Ülkesini ve Latin Amerika edebiyatını baştan aşağıya değiştiren Juan Rulfo'nun içinde birbirinden farklı 17 kısa hikaye barındıran toplama bir öykü kitabı.
Latin edebiyatında "El boom" tohumlarını atan, Gabriel García Márquez'e Yüzyıllık Yalnızlık'ı yazdıran efsane yazar. Çok az eser vermesine rağmen bir kuşağı komple etkileyen ve değişime öncü olan kişi.
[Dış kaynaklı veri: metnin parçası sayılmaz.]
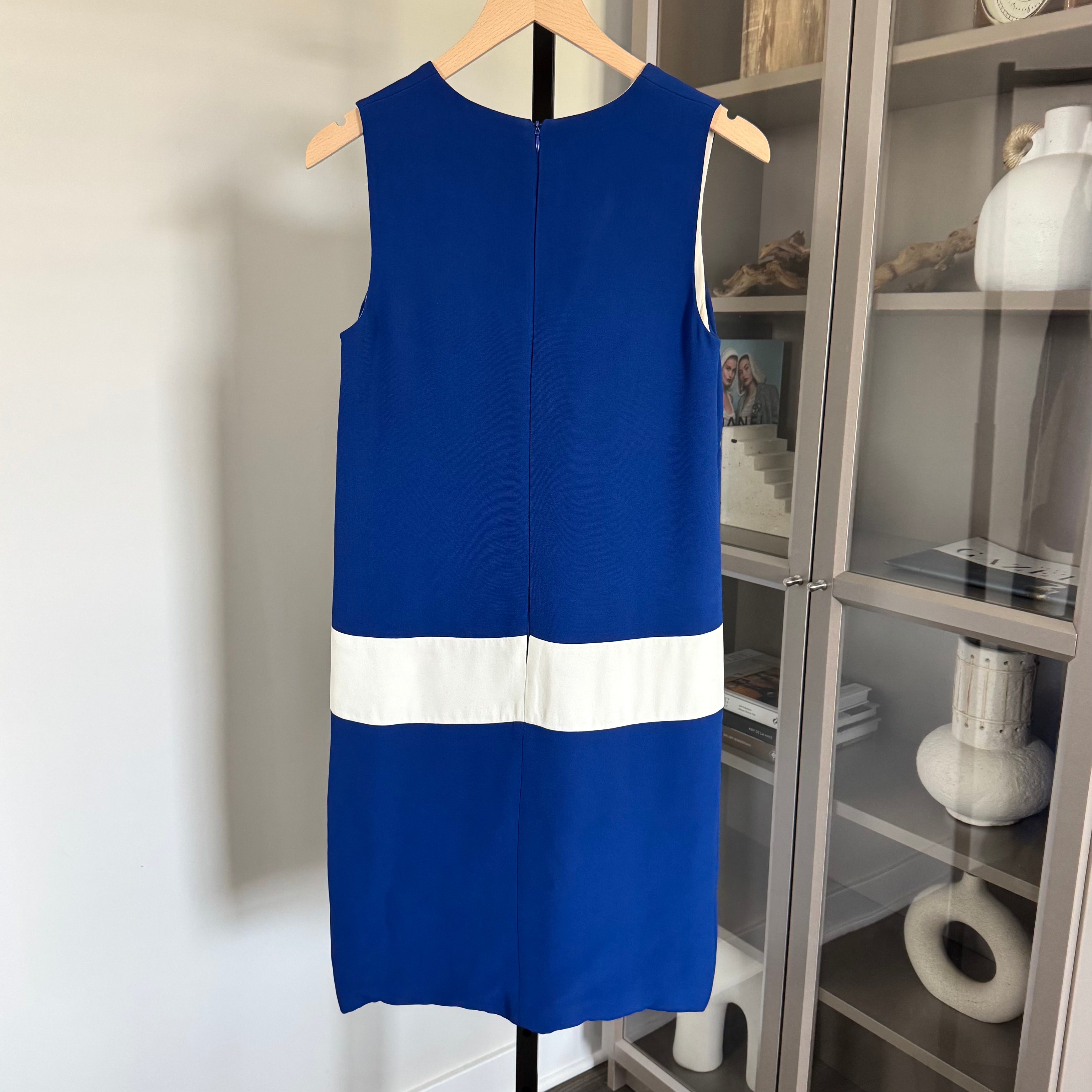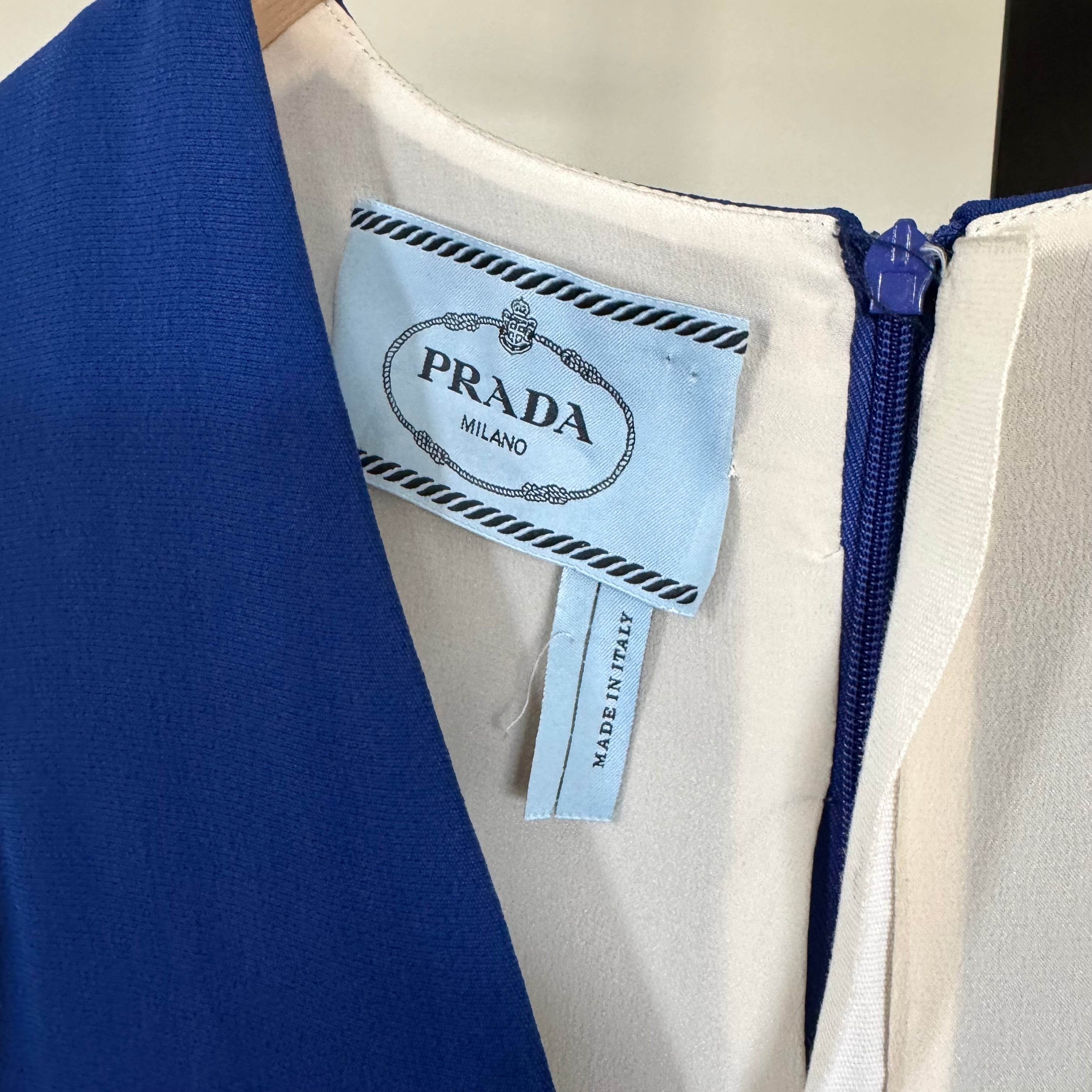 Prada Color Block Royal Blue White V-Neckline Sleeveless Shift Dress
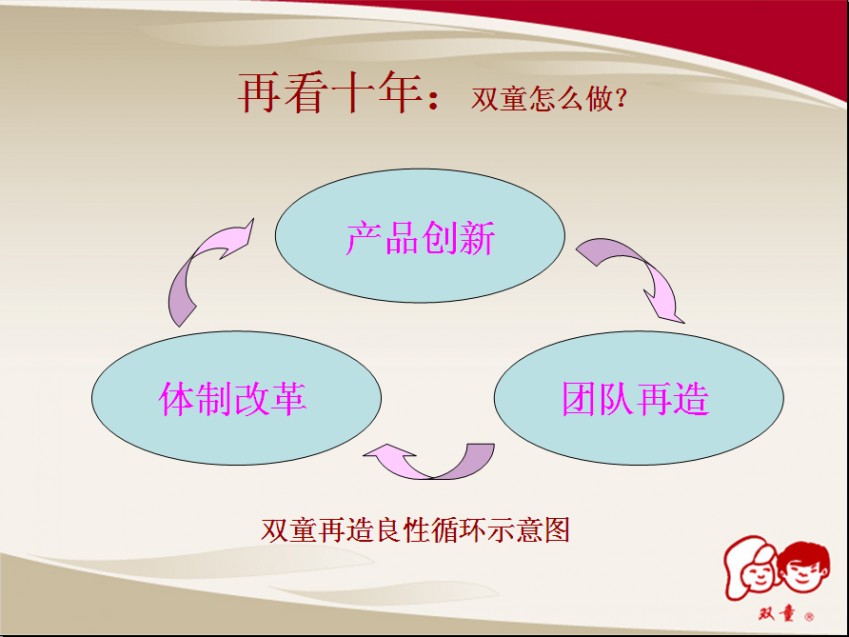 針對這一系列問題,樓仲平董事長從產(chǎn)品創(chuàng)新、團隊再造和體制改革三個方面著手,為雙童規(guī)劃了一個良性循環(huán)的發(fā)展之路。

Gabo'nun da dediği gibi "Yazdıkları 300 sayfayı bulmuyor ama Sophokles'in yazdıkları kadar kalıcı."
Meksika devrimi sonrasında ve sırasında kırsal bölgede yaşanan sıkıntıları ve sorunları tüm gerçekliği ile gözler önüne seriyor. Her öyküde kendinizi Meksika'nın çorak arazilerinde sırtınıza yapışmış sıcaklıkta mücadele ederken buluyorsunuz. Sorunlu insan ilişkileri, ölüm, şiddet, doğadaki dengesizlik ve sıcak. Mekan betimlemeleri ve kullanılan dil bizi tek başımıza kurak ovalara ve dik yamaçlara bırakıp gidiyor. Bu acımasız coğrafyada ölüm kavramının adını yeniden adlandırıyorsunuz.
Edit: "Talpa" adlı hikayenin konusu 1989 yapımı Tarık Akan'ın başrol oynadığı "İsa Musa Meryem" adlı yeşilçam filmi ile birebir örtüşmektedir. Senarist Macit Koper, bu öyküden etkilenerek mi uyarladı merak konusu.